Santa Maria in Valena (Valpolicella, VR)

lunedì 27 gennaio 2014

Faccio memoria

In questa giornata, nella quale tornano forti idee e sentimenti di un’epoca un po’ più in là, vorrei anch’io fare brevemente memoria.

Correva l’estate 2003 e la Polonia diventava per me improvvisamente più vicina: un campo di lavoro ovvero lo scavo di una buca per le tubature dell’acqua; molta amicizia ovvero un gruppo di ragazzi aggregatisi tra Roma e Verona (isola, la Sardegna, compresa); la formazione spirituale ovvero l’epoca del mio impegno parrocchiale. E alla fine di quei dieci giorni di divertimento, viaggi, lavoro duro, preghiera e comunità, sulla strada del ritorno ho fatto tappa nel paese delle betullle, Oswiecim, meglio noto come Auschwitz (più la vicina Birkenau).

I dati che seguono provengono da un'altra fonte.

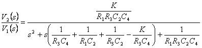 Pour un tel contour quelques critères de plan sont suivants : a) est R1 = R3= R et également 2C = C4 = C obtient b) est K=1 c) est K=2, C2 = C4 = C, obtient Tous et les 3 plans les donnent à endroit au proporziona de sensibilité directement à Q qu'il est délétère quand de meilleurs filtres procurables à Q élevé sont voulus pour être réalisés à la place en utilisant les rapports 1:10 que 1:1 entre R1 et R3 ou 2C et C4 .
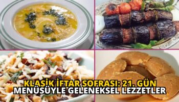 Ramazan'ın 21. gününe özel hazırlanan klasik iftar menüsü, Türk mutfağının sevilen lezzetlerini sofralara taşıyor. Bu özel menü, hem doyurucu hem de damaklarda iz bırakacak tarifleriyle iftar sofralarını şenlendirmeyi amaçlıyor.

Dopo la visita, in una caldissima serata d’agosto, praticamente in orario di chiusura, a quel grande blocco di concentramento, lavoro, sterminio e morte, dormimmo solo poche ore, perché il mattino successivo verso le quattro bisognava rimpatriare.

Quello che mi colpì di più non furono le immagini di morte.
Ad esse ero già preparato. Intorno ai dieci anni ricordo di aver visto insieme a mio nonno la serie di documentari americani che la Rai trasmise a fine anni anni Settanta sulle fosse comuni naziste e altre atrocità ad esse collegate; in terza media avevo letto, ma non compreso fino in fondo, la testimonianza di Primo Levi; alle superiori mi appassionai definitivamente alla storia contemporanea e ripercorsi, nelle pagine del Guarracino, gli eventi del gennaio 1945; l’università mi permise di studiare e di apprezzare fino in fondo un uomo straordinario come Primo Levi, del quale quando (come oggi, 27 gennaio 2014, a scuola con i miei studenti di seconda media) ascolto queste parole non posso che sentirmi chiamato in causa, nonché sentirlo ancora vivo (... lui che ci ha abbandonato troppo presto e male).

Senza capirne il motivo, di quel giorno ho sempre conservato il ricordo di tre cose, apparentemente scollegate tra loro. Tutte e tre ebbero però come scenario proprio quel luogo così unico al mondo: il viso preoccupato e arrossato di un’amica che aveva rotto sentimentalmente, non da molte settimane, con un mio amico; i sogni-incubi raccontati attraverso inquietanti disegni da un sopravvissuto; un cortile di Auschwitz nel quale padre Massimiliano Kolbe (uno di quei personaggi che, quando ero bambino, sentivo sempre osannare) aveva, con un gesto memorabile, incrinato per la prima volta le rigide regole e la non umanità di un lager tedesco.

La Memoria è fatta così: taglia, cuce, seleziona, associa, come neanche il migliore dei registi (forse esagero) è in grado di fare. E' allo stesso tempo un fatto personale e collettivo.
Oggi finalmente, scrivendo queste righe, mi sono dato una risposta. Per me la Memoria è una cosa viva, che permette a chi la testimonia di lasciare un messaggio di vita... come quando una nonna racconta la sua vita ad un nipote, lasciandogli più di una semplice testimonianza, lasciandogli in custodia una parte di sè... oltre ad avergli magari già garantito, proprio in quegli anni di guerra, la possibilità di nascere qualche anno dopo.

Eh sì la vita, la vita con i suoi inequivocabili e a volte indecifrabili messaggi. Giusto il contrario di quanto videro quel 27 gennaio 1945 i militari russi abbattendo i cancelli di Auschwitz.